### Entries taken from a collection
····················

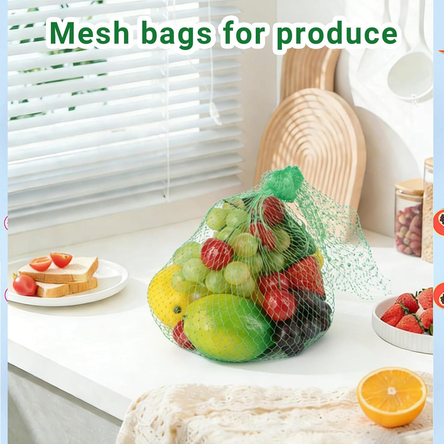 Size Details Overview: The produce mesh bags net are about 20 inch in length and can be stretched 8-14 inches in width, the large capacity of mesh bags allows you to put many items simultaneously
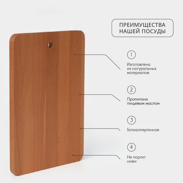 Доска разделочная Премиум «Прямоугольная», 35×24,5×1,8 см, бук — Характеристики
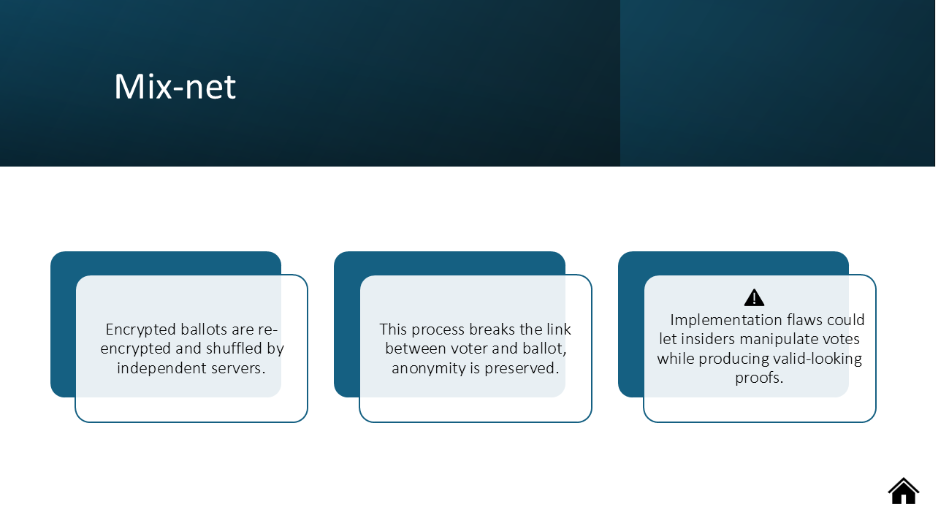 Malware on Voter Devices | Remote voting depends on personal devices (phones, PCs), which may be infected with malware that alters, blocks, or leaks votes before encryption. Cryptography cannot fix an already compromised client [21]. | Encourage supervised polling stations or trusted hardware tokens. Provide independent verification channels such as out-of-band confirmation codes. | In 2010, researchers hacked Washington, D.C.’s online voting pilot within 48 hours, changing ballots and adding the university fight song [23]. |
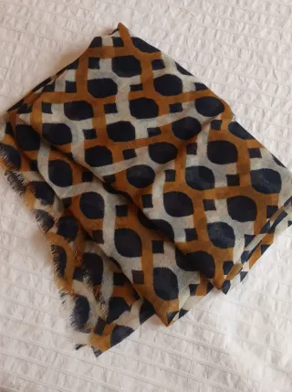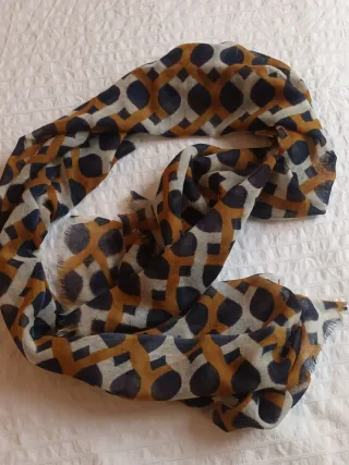 Pañuelo largo de lana con un diseño geométrico y de puntos. - Estampado en tonos marrones y azul marino. - Acabado con flecos en los bordes. - En perfecto estado, usado solo una vez.
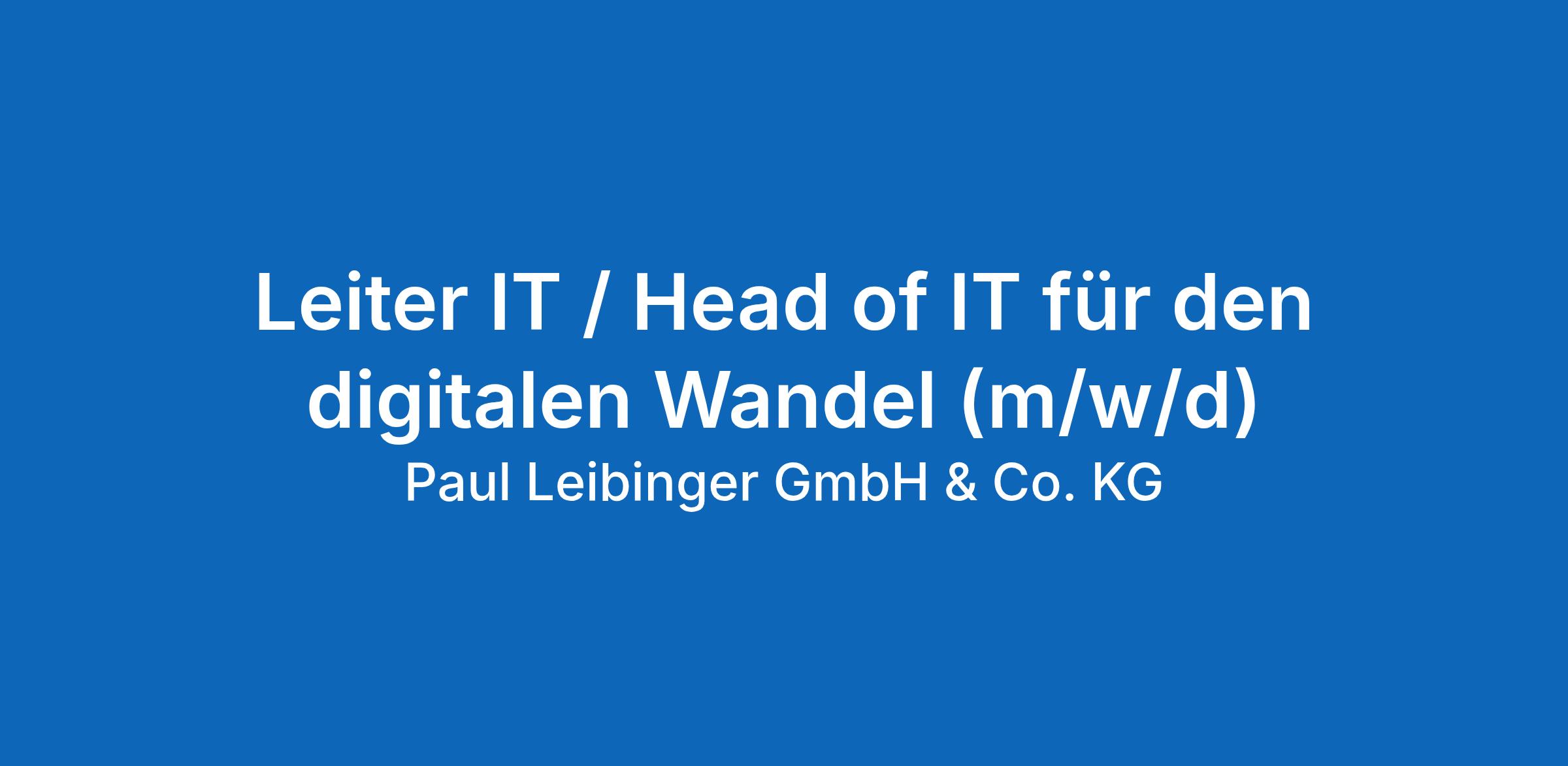 Leiter IT / Head of IT für den digitalen Wandel (m/w/d)

····················

### Work to complete
Give back exactly the lines from the first line of the data through the line with "Доска разделочная Премиум", pictures excluded.

### Task solution
 Size Details Overview: The produce mesh bags net are about 20 inch in length and can be stretched 8-14 inches in width, the large capacity of mesh bags allows you to put many items simultaneously
 Доска разделочная Премиум «Прямоугольная», 35×24,5×1,8 см, бук — Характеристики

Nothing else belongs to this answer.